_WHAT YOU WILL DO:_ The whole listing, apart from its images, should be restated word for word.

_RECORDED DATA:_
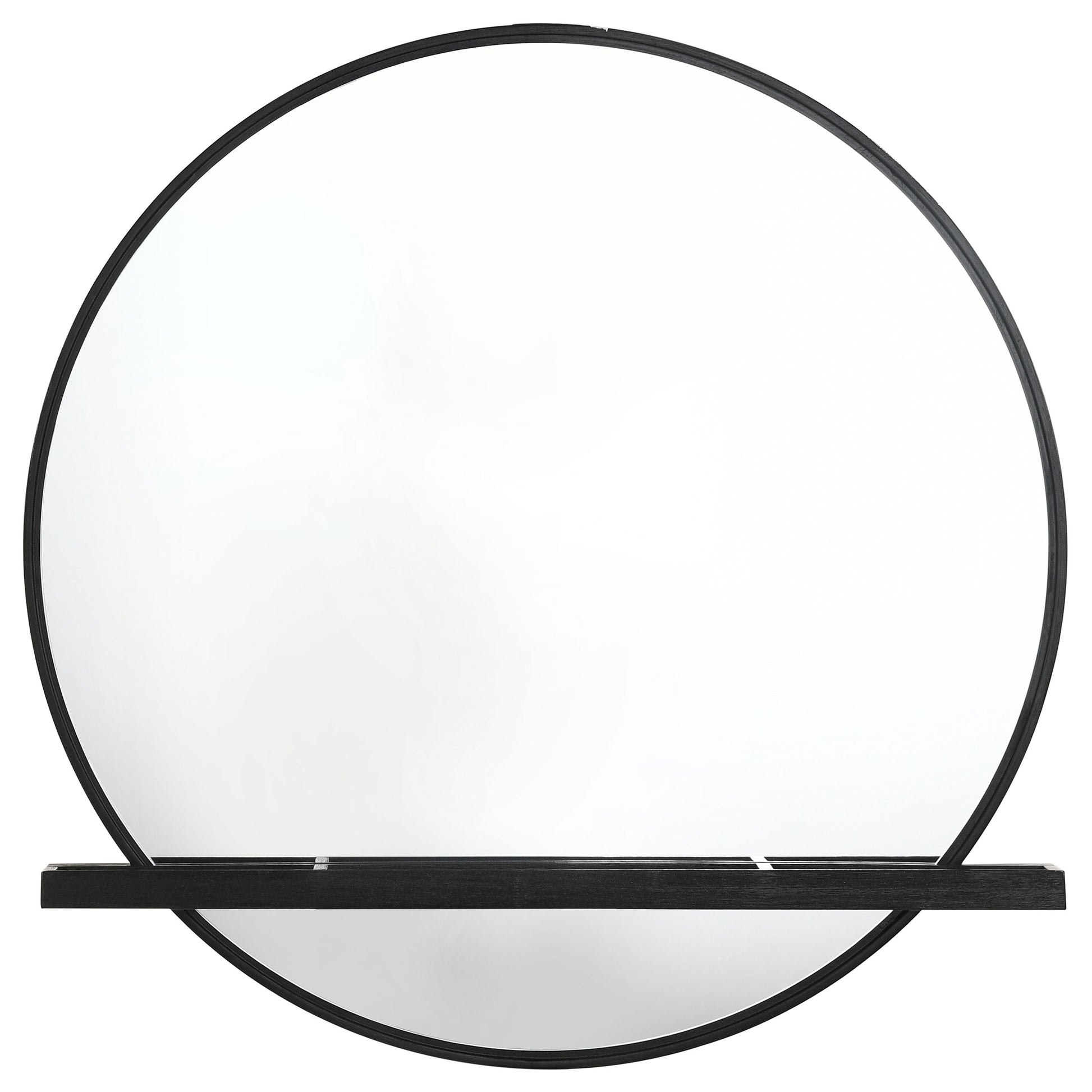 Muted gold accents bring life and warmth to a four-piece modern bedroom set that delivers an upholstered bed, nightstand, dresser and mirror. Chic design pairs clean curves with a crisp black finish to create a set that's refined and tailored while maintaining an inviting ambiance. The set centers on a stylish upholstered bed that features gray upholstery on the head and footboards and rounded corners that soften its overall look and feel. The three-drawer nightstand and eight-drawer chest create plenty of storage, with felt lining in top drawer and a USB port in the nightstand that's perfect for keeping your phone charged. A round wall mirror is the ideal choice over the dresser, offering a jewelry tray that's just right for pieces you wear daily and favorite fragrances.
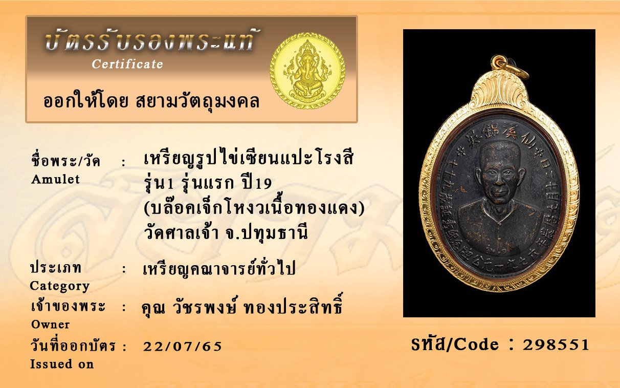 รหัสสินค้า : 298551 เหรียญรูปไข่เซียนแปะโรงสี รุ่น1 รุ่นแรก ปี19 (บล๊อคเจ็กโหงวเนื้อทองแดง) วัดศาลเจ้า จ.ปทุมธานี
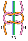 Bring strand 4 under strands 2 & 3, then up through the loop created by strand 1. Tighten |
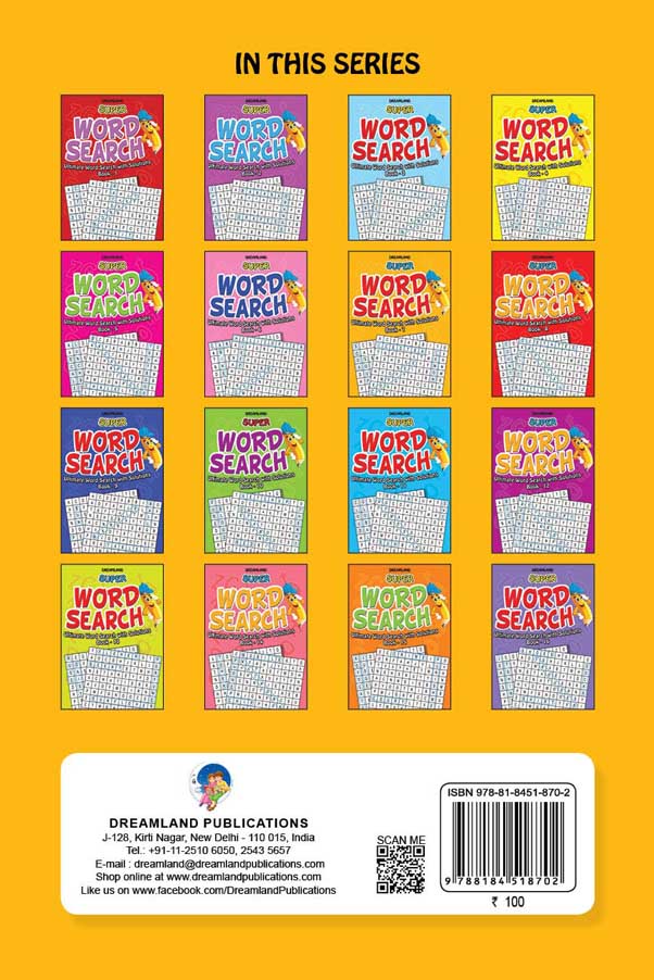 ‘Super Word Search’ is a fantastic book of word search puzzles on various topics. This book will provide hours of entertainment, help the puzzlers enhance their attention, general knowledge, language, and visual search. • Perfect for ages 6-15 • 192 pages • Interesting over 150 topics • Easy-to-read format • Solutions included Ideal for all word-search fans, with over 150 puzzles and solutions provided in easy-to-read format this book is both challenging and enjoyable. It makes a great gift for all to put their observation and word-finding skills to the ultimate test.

_TASK OUTPUT:_
 Muted gold accents bring life and warmth to a four-piece modern bedroom set that delivers an upholstered bed, nightstand, dresser and mirror. Chic design pairs clean curves with a crisp black finish to create a set that's refined and tailored while maintaining an inviting ambiance. The set centers on a stylish upholstered bed that features gray upholstery on the head and footboards and rounded corners that soften its overall look and feel. The three-drawer nightstand and eight-drawer chest create plenty of storage, with felt lining in top drawer and a USB port in the nightstand that's perfect for keeping your phone charged. A round wall mirror is the ideal choice over the dresser, offering a jewelry tray that's just right for pieces you wear daily and favorite fragrances.
 รหัสสินค้า : 298551 เหรียญรูปไข่เซียนแปะโรงสี รุ่น1 รุ่นแรก ปี19 (บล๊อคเจ็กโหงวเนื้อทองแดง) วัดศาลเจ้า จ.ปทุมธานี
 Bring strand 4 under strands 2 & 3, then up through the loop created by strand 1. Tighten |
 ‘Super Word Search’ is a fantastic book of word search puzzles on various topics. This book will provide hours of entertainment, help the puzzlers enhance their attention, general knowledge, language, and visual search. • Perfect for ages 6-15 • 192 pages • Interesting over 150 topics • Easy-to-read format • Solutions included Ideal for all word-search fans, with over 150 puzzles and solutions provided in easy-to-read format this book is both challenging and enjoyable. It makes a great gift for all to put their observation and word-finding skills to the ultimate test.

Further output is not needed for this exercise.